The salt bed will be topped off with fresh salt approximately every three to four months. No more than one day will be required to refill the drier with fresh salt. Pressure drop through the salt drier is typically less than 5psi.

After being dried in the salt drier, the kerosene flows down through two parallel beds of Attapulgus clay. This final processing step removes any solids, moisture, soaps, emulsions, and surfactants. This clay treating step will ensure that the treated kerosene product stream will meet the haze, color stability, and water separation specifications. The clay towers are 14ft by 24ft T/T length with a clay bed of approximately 21 ft deep.

Clay filtering is considered a necessity by refineries in order to produce military jet fuels such as JP-4 and Nato F-35. The WSIM, color, and stability specifications of these fuels are quite stringent and very much scrutinized by the users of these fuels.

The use of film-film technology plays a major role in ensuring that the clay towers will function properly without excessive pressure drops and for long periods. The clay towers for Lagoven were designed for approximately a 12-month life based on WSIM improvement. However, Lagoven has found that the clay needs to be replaced approximately every five months due to its saturation with water.

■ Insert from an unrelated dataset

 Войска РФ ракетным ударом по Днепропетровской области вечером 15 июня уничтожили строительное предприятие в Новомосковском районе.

The pressure drop across the clay bed usually determines the life of the treater before replenishment is required. Pressure drop will be caused by the quantity of particles in the kerosene and the quantity of water which causes caking of the bed.

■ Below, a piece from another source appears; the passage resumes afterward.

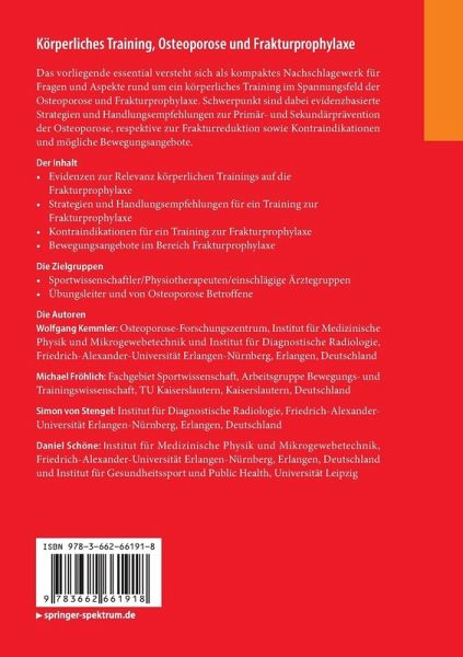 Das vorliegende essential versteht sich als kompaktes Nachschlagewerk für Fragen und Aspekte rund um ein körperliches Training im Spannungsfeld der Osteoporose und Frakturprophylaxe. Schwerpunkt sind dabei evidenzbasierte Strategien und Handlungsempfehlungen zur Primär- und Sekundärprävention der Osteoporose, respektive zur Frakturreduktion sowie Kontraindikationen und mögliche Bewegungsangebote.

Large quantities of free or dissolved water should be avoided since it shortens the life of the clay. The maximum recommended delta pressure is 25psi. This high delta pressure has not been reached at Lagoven. Clay has been replaced due to a product stream being out of specification on appearance.

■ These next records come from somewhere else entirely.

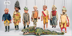 7 marionettes, wood/mass, c. 1910, 26 cm, feet are partially knocked, 1 figure without legs, with 1 crocodile, wood, 54.5 cm
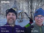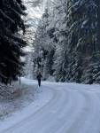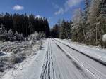 Jeli jsme od hlavní silnice na Hostomice po hřebeni přes Stožec k raketové základně a zpět. Na ledovém podkladu byla vrstvička sněhu, ideální stopa byla podél krajnice, dalo se bez přenášení po celé trase. Uvidíme jak to bude vypadat zítra.
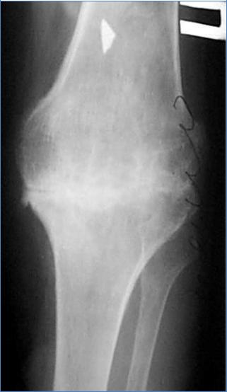 •Пример – анкилоз коленного сустава, фиброзный, начальная фаза костного анкилоза.
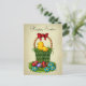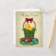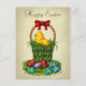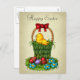 Pollo dulce con huevos de pascua, canasta y flores azules sobre hierba y fondo beige vintage. Obra de arte ACEO original hecha con marcadores de Koh-I-Noor Rapidograph (lineart) y Letraset Tria (coloreado) en papel Bristol.

The estimated annual requirements for utilities, chemicals, and manpower for a caustic treating system, bases on 30 000 BPSD, feed NN = 0.40, and 350-day operating year, are presented in Table 2.

The US Gulf Coast sum total of all operating costs for utilities, chemicals, and manpower excluding chemical additives required by Nato-35 specifications amount to less than $0.04/BBL of jet fuel produced. This compares with a much higher US Gulf Coast cost for hydrotreating of $0.50 to $0.75/BBL.

Lagoven refinery has had this caustic treating system in operation for over a year. Table 1 shows some typical feed and product characteristics at design flow rates. As clearly shown, the refinery that produces a good quality jet fuel at the lowest cost will be in the best position to supply the growing market.

This article is being published with the approval of the Lagoven Amuay Refinery the Merichem Company appreciates the assistance provided by Lagoven personnel, in particular Mr. Cirilo Gonzalez who was the engineer in charge of the design and initial operations of the system.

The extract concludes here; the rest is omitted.